Silicon errata happens so interrupts suck?

But your IDE, compiler, libraries are 100% bug-free by default.

I didn't know we were arguing, let alone insulting each other. But if that's the case:
Quote
They can always be avoided, but your hardware might make it impractical.
Quote
Well, if you choose inadequate hardware then of course it is impractical! But I already stated that.
You basically said that choosing hardware with interrupts and having to use them is choosing inadequate hardware. You said this in response to an example of using a UART. Why does the UART generate an interrupt, in the first place? Just in case you chose inadequate hardware? And what if power consumption is a priority, and you do not want to run at upteen MHz? Or maybe you want the device to even be asleep and still receive communication?

Quote
avoid the interrupt handling overhead
And when you talk about overhead of an interrupt, I wonder if even you know what you're talking about. The resource overhead for, say independently PWMing some output pins using timer interrupt with concurrent, asynchronous processing is almost nothing. Do you imagine that your compiled code loop is going to be anywhere near as efficient as that? It won't be in the same universe. "It's not about efficiency." Ok, then. The interrupt code will also have more bandwidth leftover for concurrent processing. "But it's not about speed, either. It's about "correctness."" Ok, I missed that memo, and I don't think of "overhead" as correlating to "correctness," nor understand why that is the now the discussion. But since we're here, which solution do you think will be more "correct" regarding PWM timing accuracy, while also dealing with asynchronous events (hence the main code loop potentially taking many different branches)?

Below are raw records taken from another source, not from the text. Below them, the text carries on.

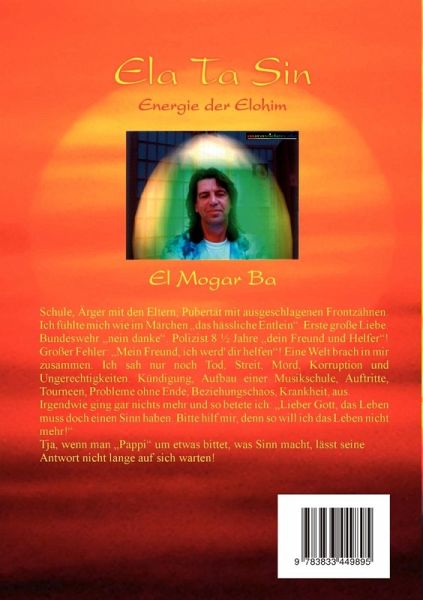 El Mogar Ba, 1955 in Hamburg geboren, arbeitet seit 1995 als Meister des Reiki, spiritueller Lehrer, Heiler und Schamane. 2004 bekam er den Auftrag der Elohim Ela Ta Sin den Menschen weiterzugeben, ihnen die Täuschungen zu nehmen, ihre Erdung in der Haradimension und darin die neue ätherische Licht-DNS zu öffnen, die die Menschheit für ihren Aufstieg braucht. Durch Seminare, Vorträge, Einzelsitzungen und die Ela Ta Sin Bücher, macht er den Menschen diese Energieform und das Wissen, über deren Anwendung und Wirkung, zugänglich. Weitere Informationen sind zu finden auf der Website: www.elatasin.de!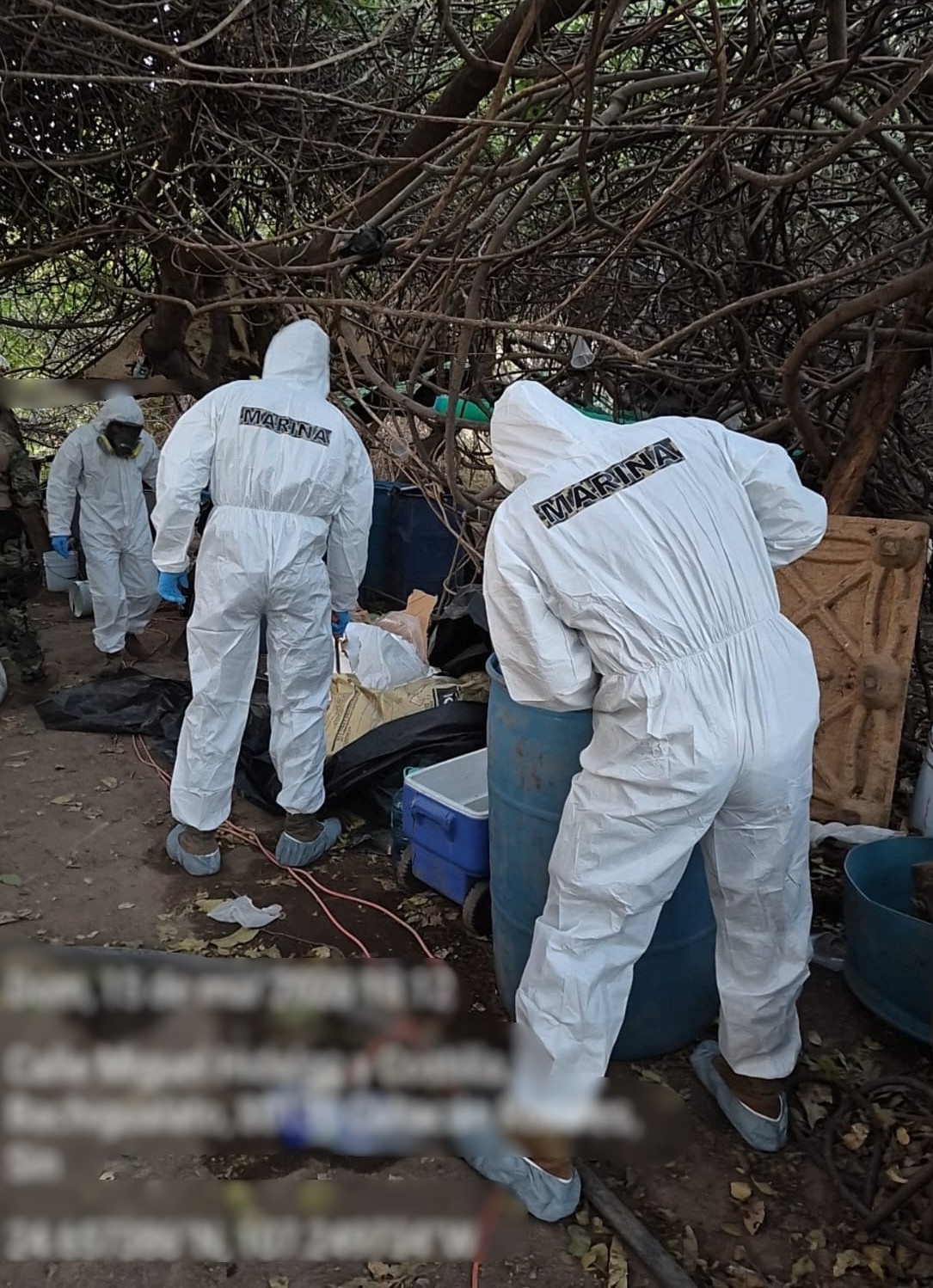 Topolobampo, Sinaloa. – La Secretaría de Marina a través de la Armada de México, por conducto de la Octava Zona Naval, informa que en días pasados, elementos navales en coordinación con personal de la Secretaría de Seguridad y Protección Ciudadana, localizaron y neutralizaron un laboratorio clandestino dedicado a la producción de metanfetamina, en inmediaciones del poblado “El Tule”, municipio de Culiacán, Sinaloa.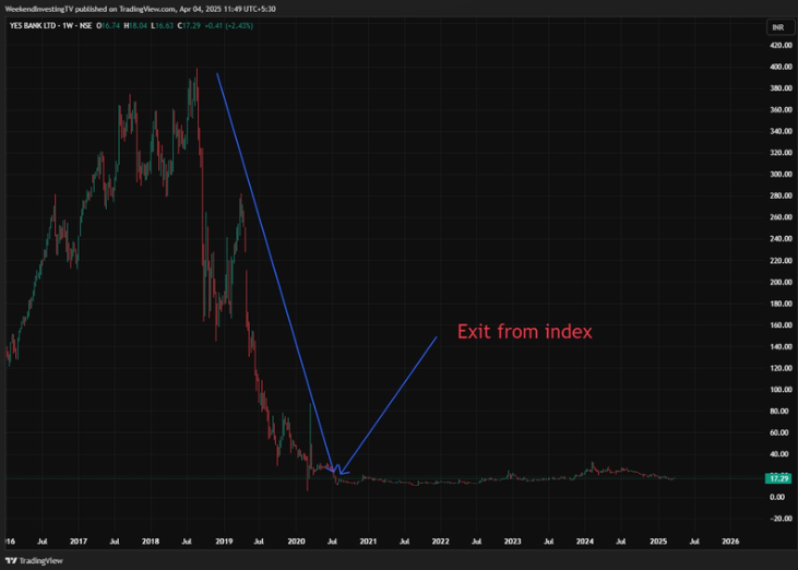 On the flip side, let’s talk about Yes Bank. Back in 2018, Yes Bank was still part of the Nifty 50 when it started crashing from ₹400. Over the next year, it collapsed to nearly ₹20, yet it continued to be part of the index. Investors who held Nifty ETFs or passive mutual funds were forced to hold this sinking ship simply because it was part of the index. The committee removed it only after most of the damage was done.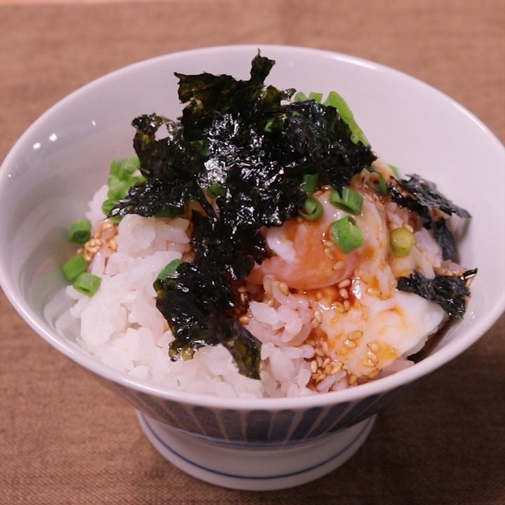 5. ごはんをよそったお茶碗に4を割り入れ、、3をかけて2を散らして完成です。

I didn't receive any notice that this thread was about life-critical proof-able code. If I responded to that question, it was inadvertent. OP asked when/where to use interrupts, and my answer is anywhere it makes my life easier. There are a lot of good examples in this thread.

Sigh. If you snip and combine partial quotes then you can "prove" anything - but nobody is impressed with strawman arguments. Especially when you zoom off in directions more-or-less unrelated to the quotes.

I think I have a pretty good idea of interrupt latency in a very wide range of systems; I've been creating embedded systems since the 1970s, using everything from 6800s/Z80s to "big iron" PA-RISC processors. Indeed I successfully persuaded companies to avoid the Itanium/Itanic because of its interrupt latency (how long does it take to save 4000(!) hidden registers?) and gross complexity of the hardware and compilers.

Finally, you made points without important caveats limiting their applicability. Don't complain if I show where your points aren't valid.
There are lies, damned lies, statistics - and ADC/DAC specs.
Glider pilot's aphorism: "there is no substitute for span". Retort: "There is a substitute: skill+imagination. But you can buy span".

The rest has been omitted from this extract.